Items from a dataset
....
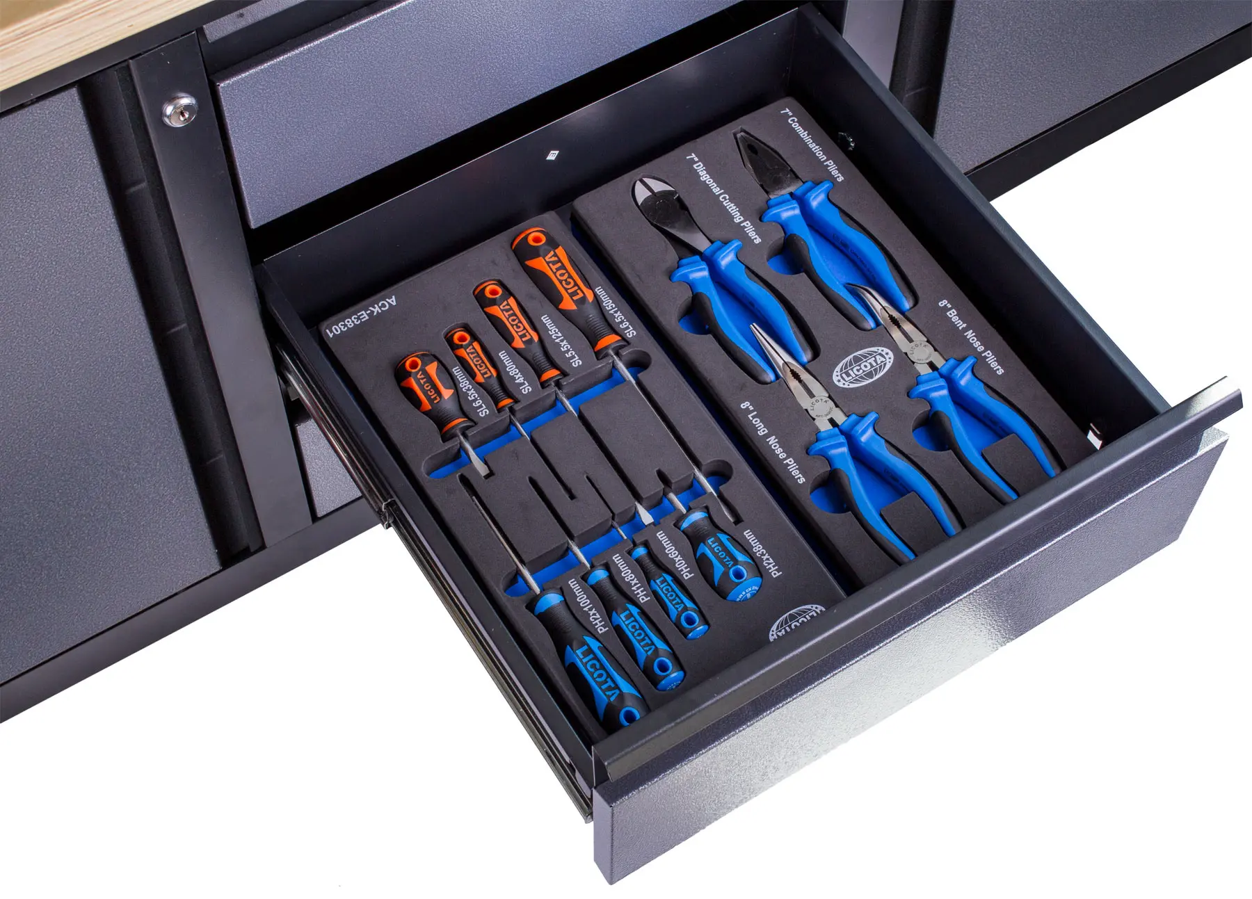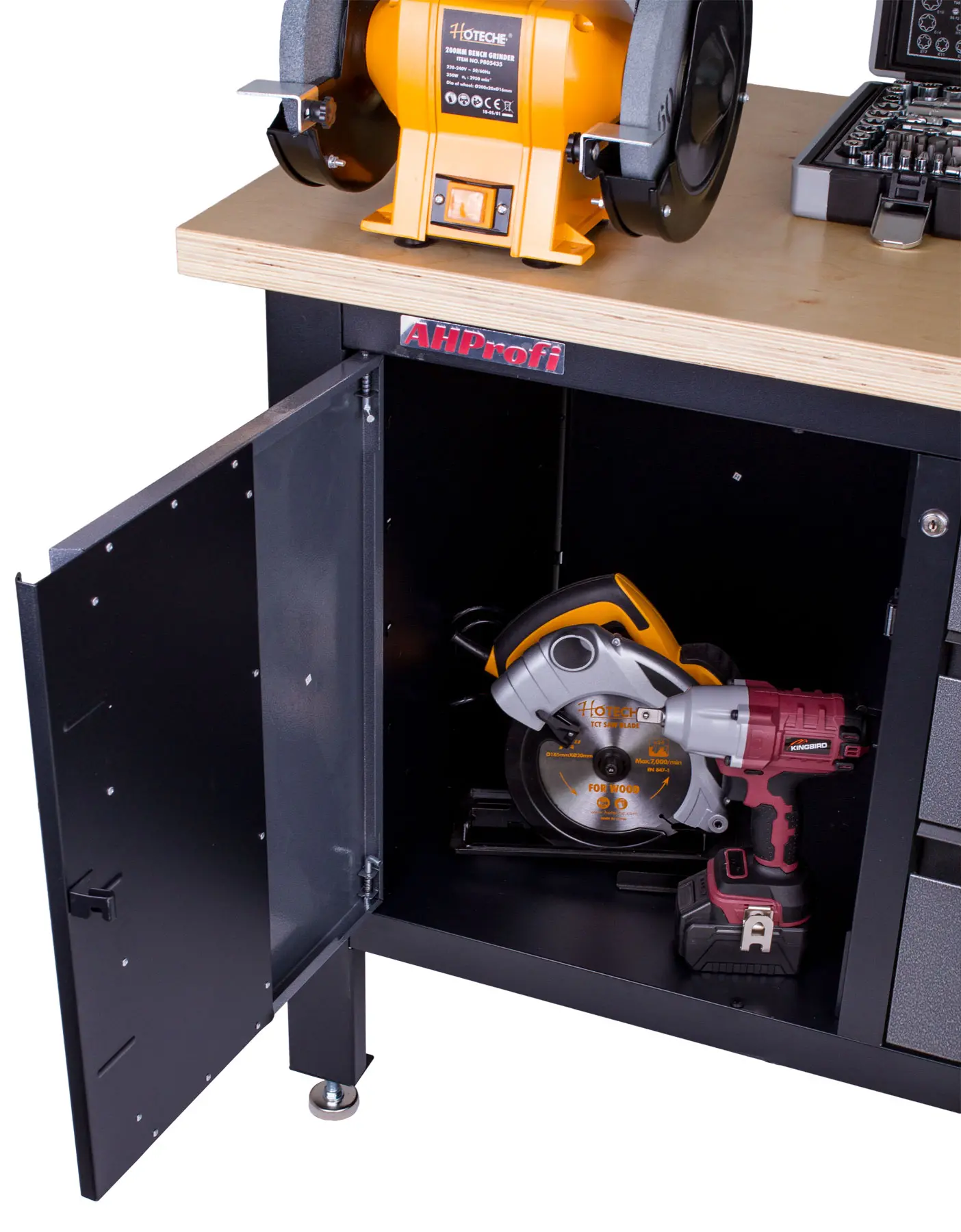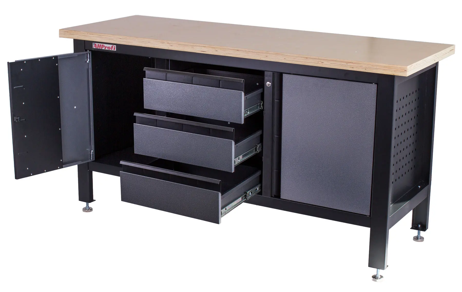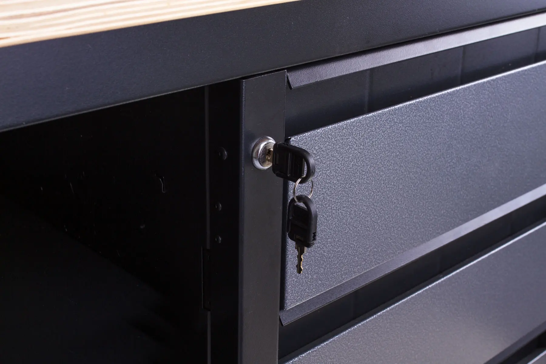 Vďaka uzamykateľným zásuvkám a skriňkám nemusíte mať strach pred nepozvanými hosťami a uložené náradie zostane v bezpečí.
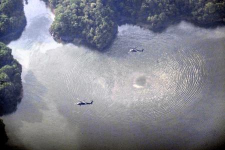取材に応じた別の男性釣り客は「『ドカーン』という音が2回聞こえた」と証言。「飛行機が落ちた」と知り現場にボートで向かうと、ぎとぎとに濁った油が100mほどの範囲に広がり、異臭が漂っていたという。
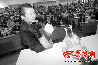 而最令大家感興趣的還是對(duì)一只母雞的催眠。這只剛剛從市場(chǎng)上買來的母雞一進(jìn)會(huì)場(chǎng),就拍著翅膀,想從徐毅強(qiáng)手中掙脫。不過,伴著徐毅強(qiáng)“別緊張、放松”的話語和輕柔的撫摸,慢慢的,這只母雞乖乖地躺在了桌面上,一動(dòng)不動(dòng),看上去很安靜。“其實(shí)催眠并不神秘,我們經(jīng)?梢钥吹剑诿餍茄莩獣(huì)上,粉絲會(huì)在偶像的帶動(dòng)和引導(dǎo)下,作出揮手或吶喊等反應(yīng),這時(shí)候可以說他們也被偶像催眠了!钡谒能娽t(yī)大學(xué)心理教研室副教授肖瑋用了非常通俗的一個(gè)比喻,解釋了人為什么會(huì)被催眠。
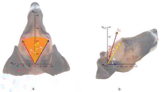 Horizontal component of the total field T under the high-voltage PL versus dog’s alignment (2D representation of 3D system). (a) total field under NS-directed PL; (b) total field under EW-directed PL (the angles are scaled according to the 3D positions of the vectors). N, W—magnitudes of the corresponding components, figures on the scale indicate magnetic induction in µT. Bh—horizontal component of GMF at the given location away from the wires, Th1, Th2—alternating horizontal component of the total field, designation of α1, α2 correspond to that in Figure 2. The dog’s head in the background is included for illustrative purposes only.
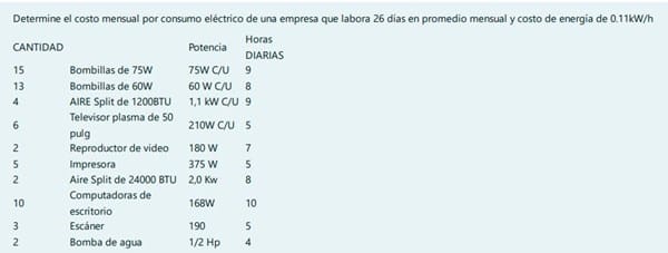 Determinar el costo mensual por consumo eléctrico de una empresa que labora 26 días en promedio mensual y costo de energía de
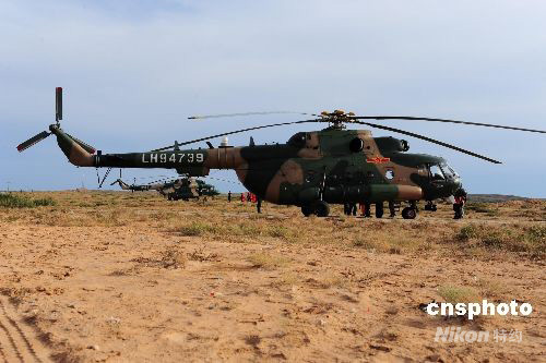 圖為擔(dān)負(fù)空中搜救任務(wù)的陸航直升機在主著陸場區(qū)待命。中新社發(fā) 周敬波 攝
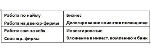 На 4-ом курсе академии я устроился к очень хорошему юристу. Я до сих пор называю его вторым папой, он не только научил меня выигрывать судебные заседания, но и по вечерам после работы мы шли в «пироговую», где он рассказывал мне правила жизни. Это одни из ценнейших советов, которые помогают мне в жизни и «по сей день», за что я ему очень благодарен. На пятом курсе очного юридического образования я работал уже на две юр фирмы одновременно, у меня была девушка, 3 раза в неделю тренажерный зал, хватало время и на друзей. Когда я приходил домой, вырубался меньше чем за минуту, но с улыбкой на лице. И в 21 год, когда получил высшее образование, начал работать сам на себя, причем с 1-го клиента выходило ровно же столько, сколько за 1 месяц работы в начале карьеры, а это в среднем 250 $. И через 4 месяца мы с моей девушкой поехали во Вьетнам. В те две недели путешествия, я первый раз попробовал делегировать все помощнице, которая с успехом со всем справилась, и сейчас, пока я на Бали, она продолжает вести моих клиентов, за что ей безмерно благодарен. Научившись управлять финансами, уже через полтора месяца я отмечал Новый год в Тайланде. Для чего я все это рассказываю? Если вы читали Роберта Киосаки и помните его денежный квадрант, то вот вам наглядный путь движения от «работы по найму», «работы сам на себя» к «бизнесу» и «инвестированию». Да, книга «Богатый папа, бедный папа» резко изменила мою жизнь в 17 лет. Не будем вдаваться в подробности, а выделим главную суть книги.
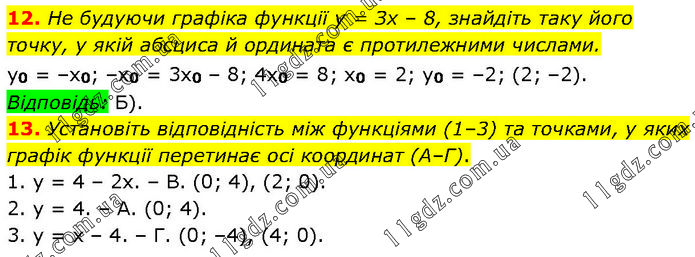 12. He будуючи графіка функції у = Зx – 8, знайдіть таку його точку, у якій абсциса й ордината є протилежними числами. y0 = –х0; –x0 = 3x0 – 8; 4х0 = 8; x0 = 2; у0 = –2; (2; –2). Відповідь: Б). 13. Установіть відповідність між функціями (1–3) та точками, у яких графік функції перетинає осі координат (А–Г). 1. у = 4 – 2х. – В. (0; 4), (2; 0). 2. у = 4. – А. (0; 4). 3. у = х – 4. – Г. (0; –4), (4; 0).
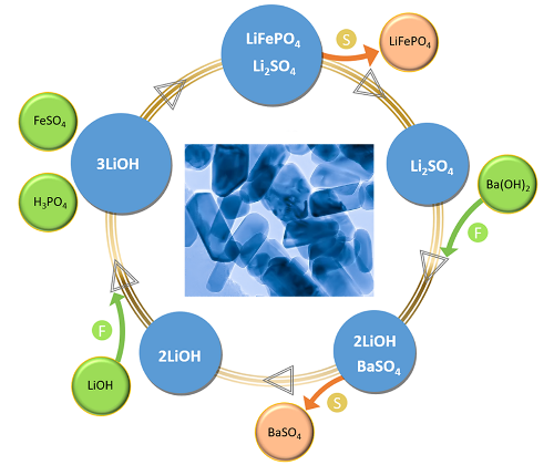 图2 LiFePO4纳米晶水热合成路线及锂回收示意图。以LiOH、FeSO4和H3PO4为原料制备纳米LiFePO4。用Ba(OH)2做沉淀剂与滤液反应,随后进行固液分离,回收LiOH。插图为LiFePO4的TEM照片。
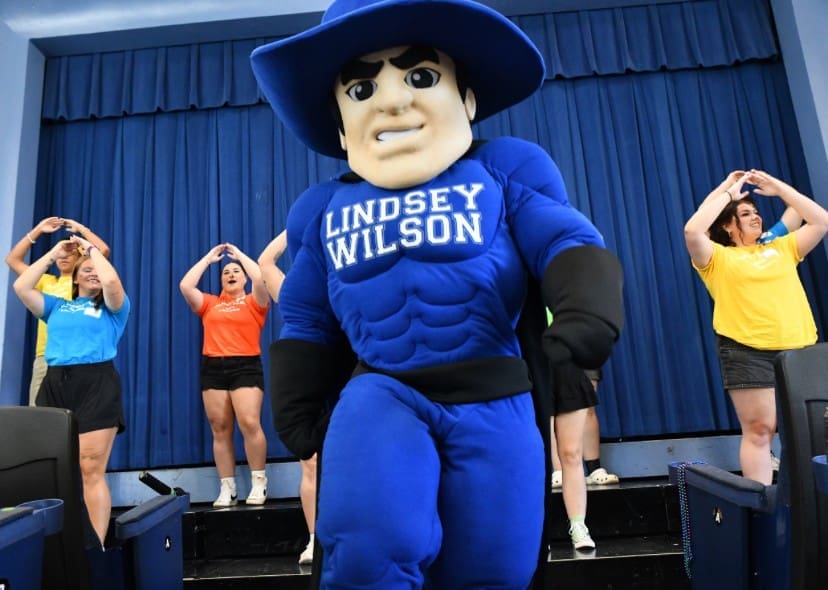 Another layer of excitement at the final New Student Orientation came at the welcome segment with the debut of a new university mascot, Blue Raider Bob. The previous Blue Raider Bob had “LWC” written across his chest; the new edition features “Lindsey Wilson” written across his chest, and he sports a more stylish cape.
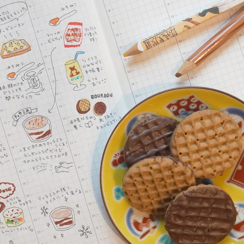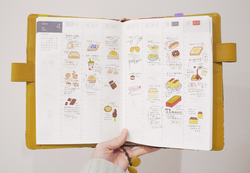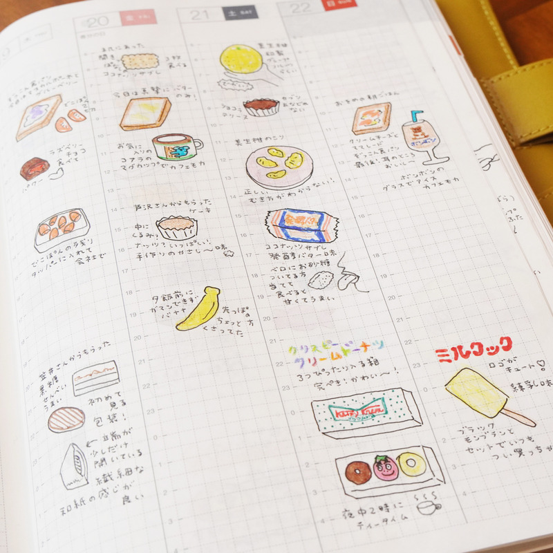 Before, she often took photos of the snacks on her smartphone, but by actually writing and drawing it down in her techo, she finds it more fun to look back on and last in her memory better.
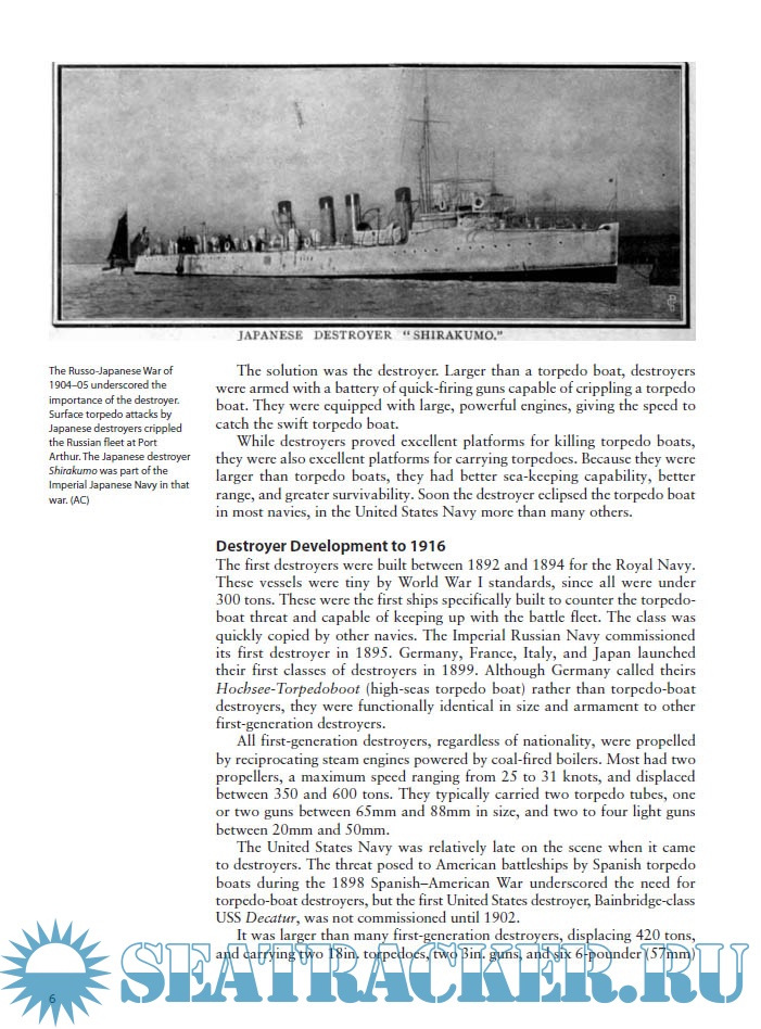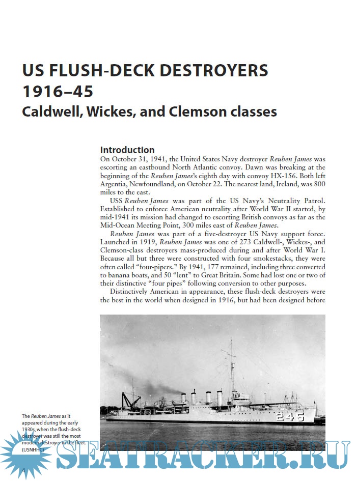 Год выпуска: 2018 Язык: русский Автор: Mark Lardas Жанр: История Издательство: Osprey Publishing Издание: New Vanguard 259 Формат: PDF Качество: Изначально компьютерное (eBook) Количество страниц: 49 Описание: Four pipes and flush decks--these ships were a distinctively American destroyer design. Devised immediately prior to and during the United States' involvement in World War I they dominated the US Navy's destroyer forces all the way through to World War II. They were deployed on North Atlantic and Norwegian Sea convoys, and virtually everywhere in the Pacific, from Alaska to Australia. Fifty were given to Great Britain in its hour of need in 1940, and many would serve in other navies, fighting under the Soviet, Canadian, Norwegian, and even the Imperial Japanese flags. They also served in a variety of roles becoming seaplane tenders, high-speed transports, minesweepers, and minelayers. One was even used as a self-propelled mine during Operation Chariot, destroying the dry dock at St. Nazaire. Fully illustrated throughout with commissioned artwork and contemporary photographs, this volume reveals the operational history of these US Navy ships that fought with distinction in both World Wars.
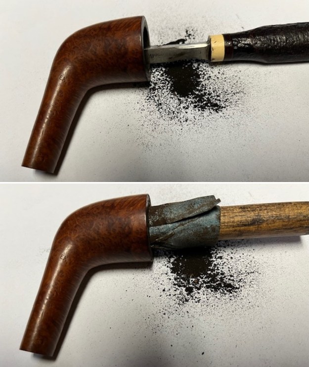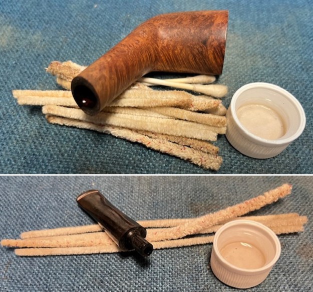 I cleaned out the inside of the shank and the airway in the stem with alcohol, cotton swabs and both bristle and regular pipe cleaners.
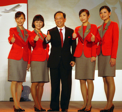 中新網(wǎng)11月16日電 據(jù)“中央社”報道,臺灣遠東航空十六日舉行五十周年慶,董事長樂大信(中)表示,展望兩岸市場是未來最大目標。
....
Exact repeat, pictures omitted: give every line from the top of the records down to and including the line with "圖為擔(dān)負(fù)空中搜救任務(wù)的陸航直升機在主著陸場區(qū)待命。中新社發(fā) 周敬波 攝".

Solution below —
 Vďaka uzamykateľným zásuvkám a skriňkám nemusíte mať strach pred nepozvanými hosťami a uložené náradie zostane v bezpečí.
取材に応じた別の男性釣り客は「『ドカーン』という音が2回聞こえた」と証言。「飛行機が落ちた」と知り現場にボートで向かうと、ぎとぎとに濁った油が100mほどの範囲に広がり、異臭が漂っていたという。
 而最令大家感興趣的還是對(duì)一只母雞的催眠。這只剛剛從市場(chǎng)上買來的母雞一進(jìn)會(huì)場(chǎng),就拍著翅膀,想從徐毅強(qiáng)手中掙脫。不過,伴著徐毅強(qiáng)“別緊張、放松”的話語和輕柔的撫摸,慢慢的,這只母雞乖乖地躺在了桌面上,一動(dòng)不動(dòng),看上去很安靜。“其實(shí)催眠并不神秘,我們經(jīng)?梢钥吹剑诿餍茄莩獣(huì)上,粉絲會(huì)在偶像的帶動(dòng)和引導(dǎo)下,作出揮手或吶喊等反應(yīng),這時(shí)候可以說他們也被偶像催眠了!钡谒能娽t(yī)大學(xué)心理教研室副教授肖瑋用了非常通俗的一個(gè)比喻,解釋了人為什么會(huì)被催眠。
 Horizontal component of the total field T under the high-voltage PL versus dog’s alignment (2D representation of 3D system). (a) total field under NS-directed PL; (b) total field under EW-directed PL (the angles are scaled according to the 3D positions of the vectors). N, W—magnitudes of the corresponding components, figures on the scale indicate magnetic induction in µT. Bh—horizontal component of GMF at the given location away from the wires, Th1, Th2—alternating horizontal component of the total field, designation of α1, α2 correspond to that in Figure 2. The dog’s head in the background is included for illustrative purposes only.
 Determinar el costo mensual por consumo eléctrico de una empresa que labora 26 días en promedio mensual y costo de energía de
 圖為擔(dān)負(fù)空中搜救任務(wù)的陸航直升機在主著陸場區(qū)待命。中新社發(fā) 周敬波 攝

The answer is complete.